Cost of Scotland’s sovereignty may more than Scots can stomach
But the cost of Scotland’s complete sovereignty may be more than Scots can stomach.
Scottish secession is edging closer. Parties that support an independence referendum will command a majority in Holyrood after last Thursday’s parliamentary elections.
Brexit, which 62 per cent of Scots rejected, has been grist to their mill.
The government in Westminster is now caught in a trap. The longer it refuses to allow a referendum, the greater the nationalists’ case for sovereignty becomes. Tragically, for those of us who don’t want to risk a break-up of the union, the trail of breadcrumbs leads inexorably to another plebiscite.

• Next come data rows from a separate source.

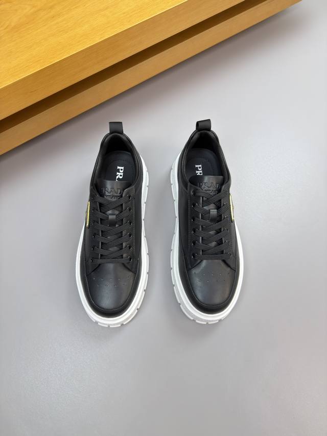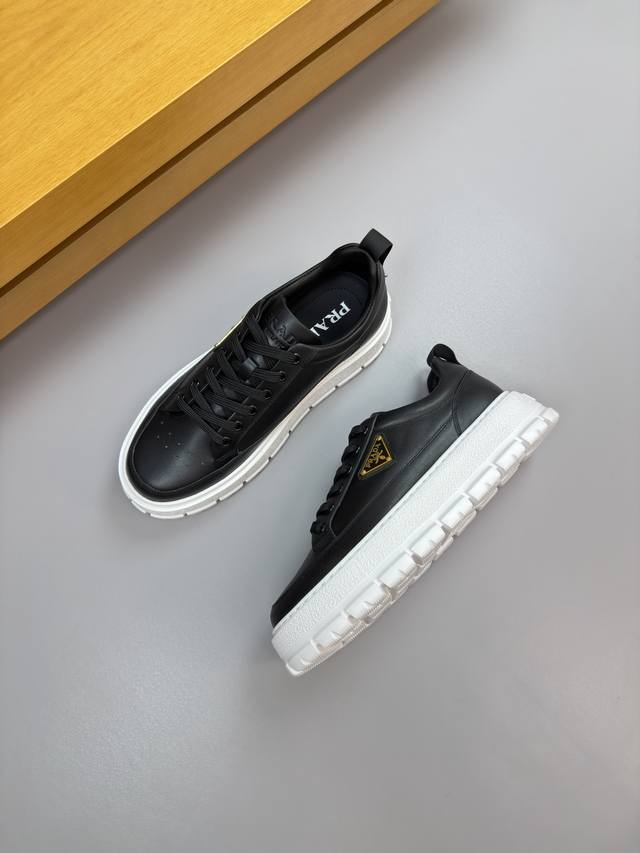 Prada 普拉达 -高端品质 原单 休闲运动鞋 -鞋面:进口纳帕小牛皮、鞋身.车缝品牌金属扣件、鞋舌.空压品牌Logo -内里:水染牛皮 -大底:超轻Tpu发泡;成型大底 -超高品控 做工精细:凸显 高端 贵气 档次 -Size :38-44 45,可订做 Prd0372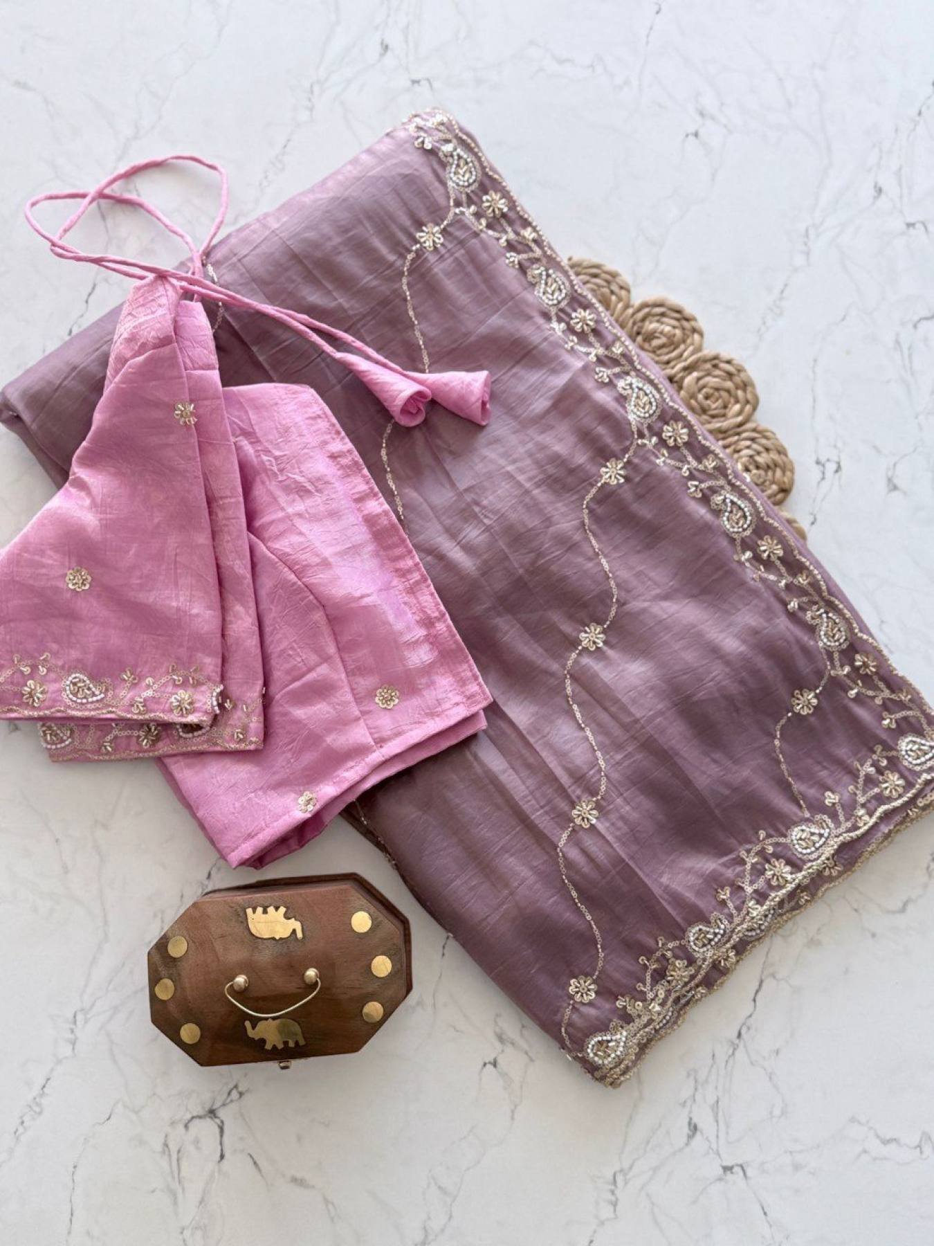 Purple Color Pure Gold Crush Silk Saree With Hand Embroidery and Contrast Blouse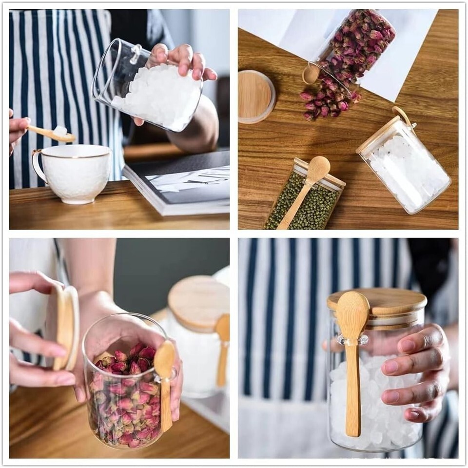 Quality Material Information:Our glass jar made of high-grade borosilicate glass, exquisite craftsmanship, high temperature resistance, tight texture , makes more thinner, lighter, capable of withstanding thermal shock, scratch, and break resistant.Plus, we craft the lid and spoon from premium bamboo, stronger and sturdier than most woods, metals, or plastics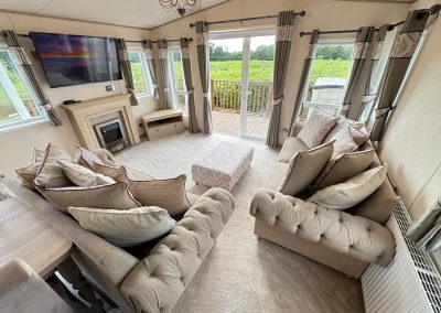 Beaumont Lodge for sale at Castle View Caravan Park in Carnforth. This beautifully presented 2-bedroom lodge offers spacious, high-end living in a peaceful, sought-after location on the edge of the Lake District and Yorkshire Dales.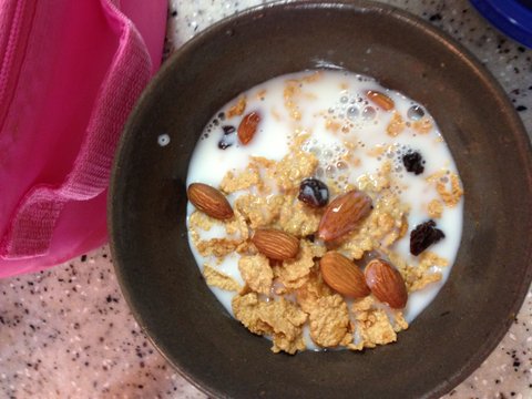 다이어트 시리얼+ 건포도+아몬드 몇알+ 땅콩 몇알+ 무지방 우유입니다! 나름 배부르고 맛있어요 ㅎㅎ

Scotland can make a success of independence. Singapore, Denmark, Norway and Ireland all have populations of a similar size and are all wealthy nations.
There is no reason Scotland, with its experience in resources, cannot switch from exporting oil to renewables. Its creative and technology industries are blooming. But the path to success is narrower and longer than nationalists would have people believe.
Independence is the idea of a static future state; stable, reassuring and empowering. To get there, though, a country must go through the volatile act of secession, an awkward and usually painful process. Britain has been seceding from the European Union since June 2016 and although Brexit was formalised this year, there are still details to iron out and temporary arrangements, like the Irish Sea border, to be resolved.
One lesson from Brexit is that change takes time. Another is that the junior partner in the negotiations will not get what it wants. It took five years for Britain to leave the EU, with a deal shorn of all its early ambition. As Scotland is bound even more tightly into the UK, full independence could take twice as long.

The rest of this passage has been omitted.